Monday, October 22, 2012
Film Review: The Year My Voice Broke
Written & Directed By: John Duigan
Rating: (4/5 Stars)
Set in 1962 in New South Wales, Australia, this film opens on a light-hearted note and -- as one might expect -- turns a shade darker and more serious. On the cusp of puberty, Danny Embling (Noah Taylor of Shine and Red, White & Blue) falls for his childhood friend Freya (Leone Carmen). Meanwhile he struggles with raging hormones, bullies, and the tedium of small-town life.
Danny's rival for Freya's affections, Trevor (Ben Mendelsohn, of Animal Kingdom & Killing Them Softly), is an impulsive, slightly dim-witted jock. However, in a somewhat surprising twist, he earns Danny's affection by defending him from bullies and treating Freya more respectfully than one might expect.

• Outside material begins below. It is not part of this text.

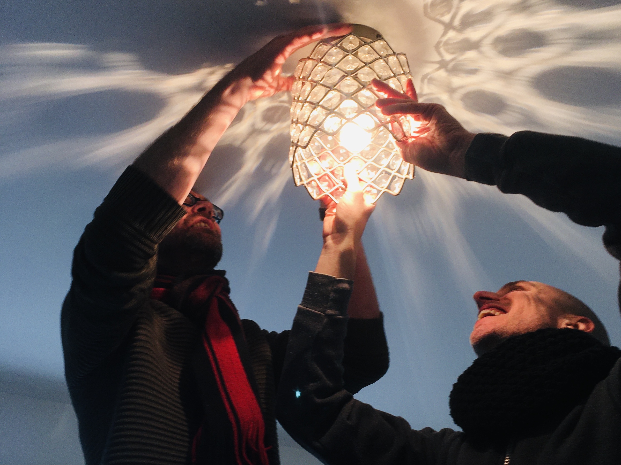 Bright smiles, as the faces of my friends finally become illuminated. Though it is unclear from the photo, mounting this fixture had turned out to be challenging. Shot on our very first day at home in Antwerp.

This fairly predictable coming-of-age story is elevated by terrific performances by all three young leads. Noah Taylor especially shines. I also liked Danny's friendship with Freya, which shifted between the rough and tumble intimacy of childhood, sweet and tender affection, and anguished awkwardness. This took us into the territory of adolescence, sexual awakening, and first love in an honest and genuine way.

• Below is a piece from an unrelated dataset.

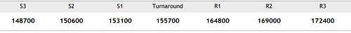 Prices expected to edge northward in this session. Slip below 155700 may induce weakness.

The cinematography is also lovely. Long, sweeping shots of rolling golden fields reminded me a bit of Terrence Malick's Days of Heaven, though less artistic and polished. I also loved the close-up shots of the main characters, especially Danny. They spoke volumes, spotlighting the tangled anguish, hope, and longing of adolescence.

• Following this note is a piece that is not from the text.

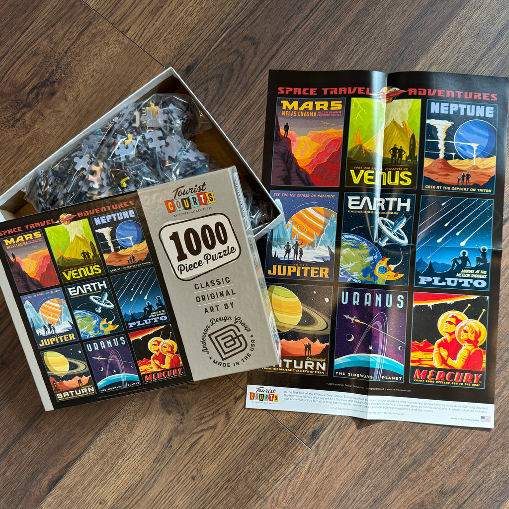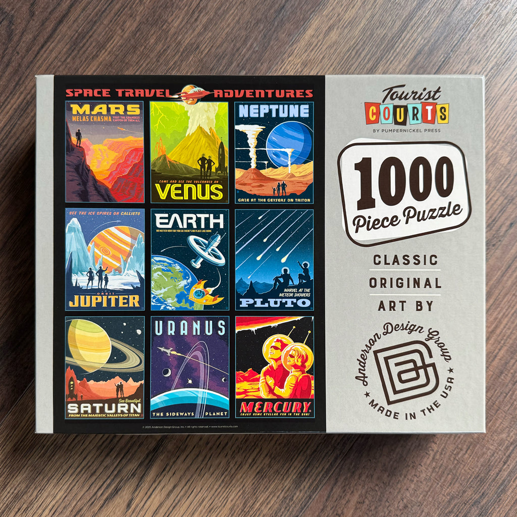 Puzzled about what to buy the space cadets in your life? Give them our deluxe 1,000-piece jigsaw puzzle, featuring a collage of our most popular Space Travel designs! Created by the talented artists of Anderson Design Group in partnership with our friends at Tourist Courts, this puzzle is beautiful, top-quality, Made in the USA, and fun for all puzzlers. Each finished puzzle measures 18" x 24". Recommended for ages 10 and up!

The Year My Voice Broke also touches on sexual double standards and the mean-spirited harshness and hypocrisy that sometimes festers in small towns. I challenge you not to cringe when a middle-aged man refers to a long-dead girl as "the town bike." (Apparently, she let all the guys climb on her.) I can't reveal more without spoiling the story. I'll just say that it was 1962, and the feminist movement would come not one moment too soon.
This is, overall, a predictable coming-of-age movie. However, I recommend it for the terrific performances by a trio of young actors and its nuanced exploration of youthful friendship and love.
Have you seen this? What did you think?